Gestalt Therapy and the Challenge of Documentation: How Digital Tools Can Support Experiential Practices

Gestalt Therapy and the Challenge of Documentation: How Digital Tools Can Support Experiential Practices

Despite its deep clinical legacy, Gestalt therapy (GT) remains underrepresented in scientific research. As Rosalba Raffagnino’s 2019 systematic review highlights, the efficacy of GT, particularly in group settings and emotional/interpersonal work, is evident, yet the field still lacks a consistent, empirical foundation to match its rich theoretical and experiential base.

The very strengths of GT, such as its focus on the “here and now,” the centrality of the Self, and its phenomenological method — often make standardized outcome measurements difficult.

The Role of Documentation in Gestalt-Oriented Practice

One of the ongoing challenges in Gestalt therapy lies in how we document the therapeutic process. Unlike more symptom-focused approaches, GT is centered on presence, contact, and meaning — elements that unfold uniquely in every session.

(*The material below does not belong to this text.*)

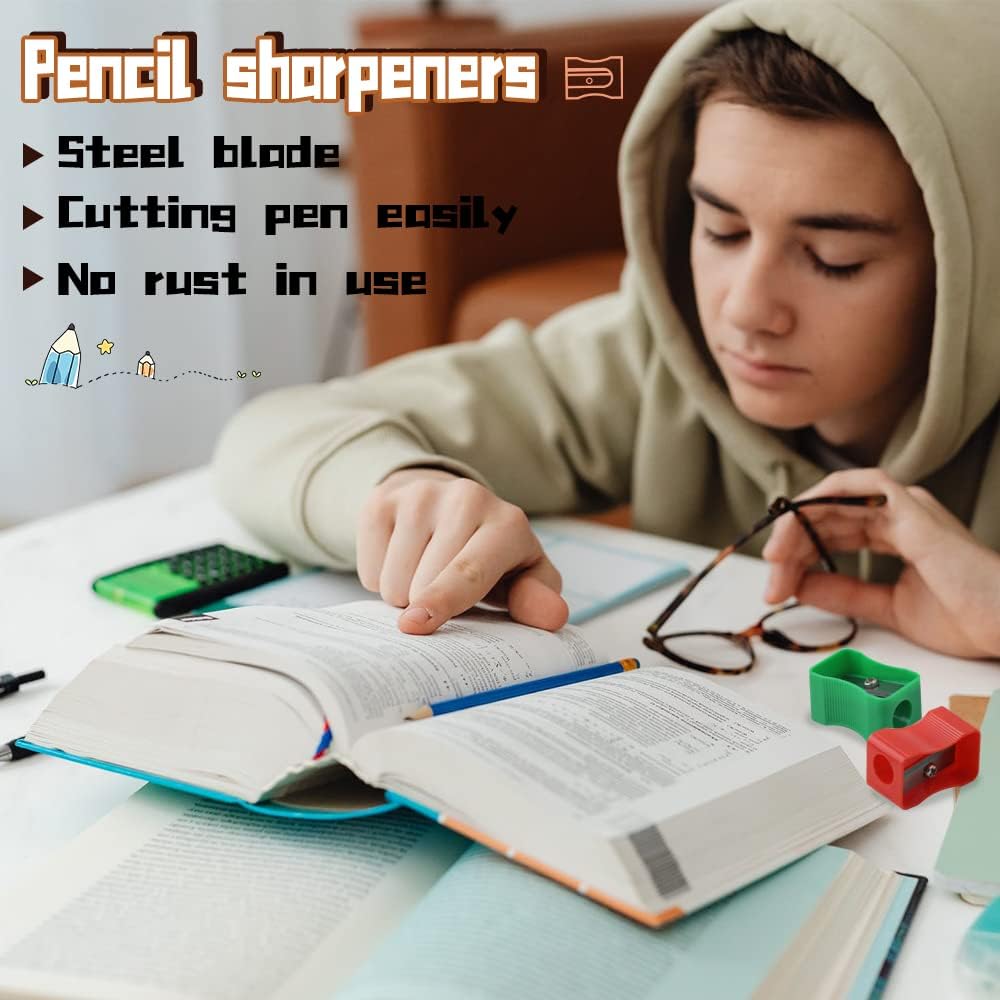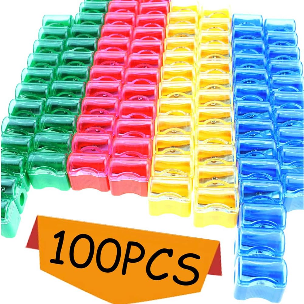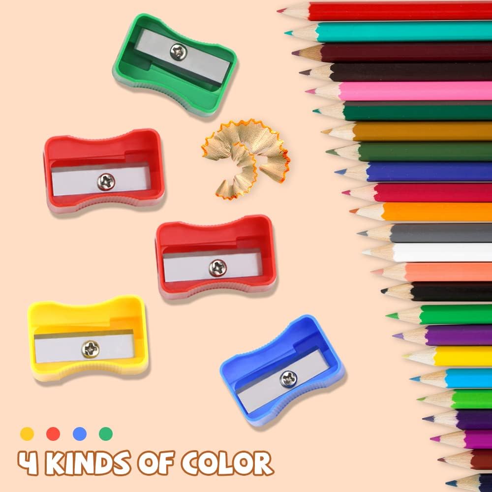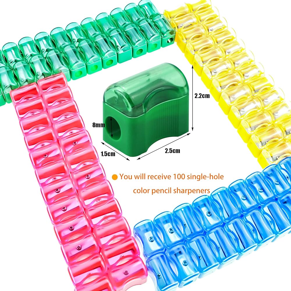 • 100 قطعة مبراة أقلام بلاستيكية صغيرة، تتضمن أربعة ألوان: الأحمر والأصفر والأخضر والأزرق، 25 قطعة لكل لون. وزعي عدد المبراة بالتساوي لضمان حصول طفلك على ما يكفي من الألوان المفضلة لديه

Still, documentation plays several essential roles:

  • It helps therapists track evolving therapeutic themes, such as polarities, fixed gestalts, and emergent needs
  • ⁠It supports clinical reflection, supervision, and continuity of care
  • ⁠It contributes to a growing evidence base for humanistic therapies, enabling future research and professional dialogue

Rather than reducing experience to data points, documentation in Gestalt therapy can serve as an extension of the awareness process itself — a moment of post-session reflection that honors the fluidity of the work while providing structure for the therapist.

Documenting Without Reducing: A New Approach

This raises an important question for the field: how can we support documentation practices that reflect the depth and nuance of experiential therapy?

Emerging digital tools — such as Evinotes — have begun to address this need. Rather than offering rigid templates, platforms like Evinotes explore ways of supporting clinical writing that respects complexity, fluidity, and meaning-making.

By providing adaptable formats for note-taking — including space to reflect on contact styles, polarities, field conditions, and figure/ground dynamics — such tools can help therapists stay grounded in process while meeting the practical needs of their profession.

Importantly, this is not about standardization for its own sake. It is about creating conditions where reflection, awareness, and research can coexist — and where documentation becomes not a burden, but a support for deep clinical work.

What This Means for the Field

As Gestalt therapy continues to evolve within increasingly evidence-oriented mental health systems, the need for meaningful, practice-informed documentation becomes more urgent. Not as a concession to bureaucracy, but as a way of articulating the value of experiential work, in a language that resonates both within and beyond the therapeutic encounter.

Creating space for thoughtful documentation also invites clinicians to engage more critically with their own methods:

How do we make visible what matters most in therapy, without reducing it?

How can we develop tools and practices that remain faithful to process, contact, and presence?

And how can we, as a community, contribute to a broader recognition of humanistic approaches within scientific framework?

This is not only a clinical or methodological task, but an ethical one: to protect the integrity of experiential approaches while making them accessible, researchable, and communicable.

By reflecting on how we document — and by developing tools that support that reflection — we participate in shaping the future of Gestalt therapy as both a practice and a profession.